Complete step-by-step solution:
In this question, the given expression is
 $ \Rightarrow Y = {(cosx)^{\log x}} + {(logx)^x}$
Now, we will divide the question into two parts.
The first part is ${(cosx)^{\log x}}$.
Let us assume the first part as u.
Therefore,
$ \Rightarrow u = {(cosx)^{\log x}}$
Taking log both sides.
$ \Rightarrow \log u = \log \left[ {{{(cosx)}^{\log x}}} \right]$
We will use the formula $\log \left( {{x^y}} \right) = y\log x$ on the right-hand side.
$ \Rightarrow \log u = \log x(\log cosx)$
Now, differentiate both sides with respect to x.
$ \Rightarrow \dfrac{d}{{dx}}\log u = \dfrac{d}{{dx}}\log x(\log cosx)$
Let us apply the formula $\dfrac{d}{{dx}}\log u = \dfrac{1}{u}\dfrac{{du}}{{dx}}$ on the left-hand side and $\dfrac{d}{{dx}}\log x(\log cosx) = \log cosx\dfrac{d}{{dx}}\log x + \log x\dfrac{d}{{dx}}(\log cosx)$ on the right-hand side.
Therefore,
$ \Rightarrow \dfrac{1}{u}\dfrac{{du}}{{dx}} = \log cosx\dfrac{d}{{dx}}\log x + \log x\dfrac{d}{{dx}}(\log cosx)$
Here, apply the formulas $\dfrac{d}{{dx}}\log x = \dfrac{1}{x}$, and $\dfrac{d}{{dx}}\log \cos x = \dfrac{1}{{\cos x}}\dfrac{d}{{dx}}\cos x$.

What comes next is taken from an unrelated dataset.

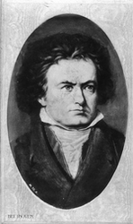 Description :SERIE DE CARTES POSTALES; TOUTES SUR LE MEME MODELE: PORTRAIT EN BUSTE D'UN COMPOSITEUR DANS UN OVALE BOMBE. LE CONTOUR IMITE UN PASSE-PARTOUT ET UN CADRE DE BOIS, EUX AUSSI BOMBES DANS UN CARTON. 1.1: LUDWIG BEETHOVEN.1.2: FREDERICK CHOPIN. 1...

$ \Rightarrow \dfrac{1}{u}\dfrac{{du}}{{dx}} = \log cosx\left( {\dfrac{1}{x}} \right) + \log x\left( {\dfrac{1}{{\cos x}}} \right)\dfrac{d}{{dx}}cosx$
Now, as we already know that $\dfrac{d}{{dx}}\cos x = - \sin x$
$ \Rightarrow \dfrac{1}{u}\dfrac{{du}}{{dx}} = \dfrac{{\log cosx}}{x} + \dfrac{{\log x}}{{\cos x}}\left( { - \sin x} \right)$
We know that $\dfrac{{\sin x}}{{\cos x}} = \tan x$.
 Therefore,
$ \Rightarrow \dfrac{1}{u}\dfrac{{du}}{{dx}} = \dfrac{{\log cosx}}{x} + \log x\left( { - \tan x} \right)$
Now, multiply both sides by u.
$ \Rightarrow \dfrac{{du}}{{dx}} = u\left( {\dfrac{{\log cosx}}{x} + \log x\left( { - \tan x} \right)} \right)$
Let us substitute the value of u.$u = {(cosx)^{\log x}}$
So,
$ \Rightarrow \dfrac{{du}}{{dx}} = {(cosx)^{\log x}}\left( {\dfrac{{\log cosx}}{x} + \log x\left( { - \tan x} \right)} \right)$
We can also write the above term as below.
$ \Rightarrow \dfrac{{du}}{{dx}} = {(cosx)^{\log x}}\left( {\log x\left( { - \tan x} \right) + \dfrac{1}{x}\log cosx} \right)$..................(1)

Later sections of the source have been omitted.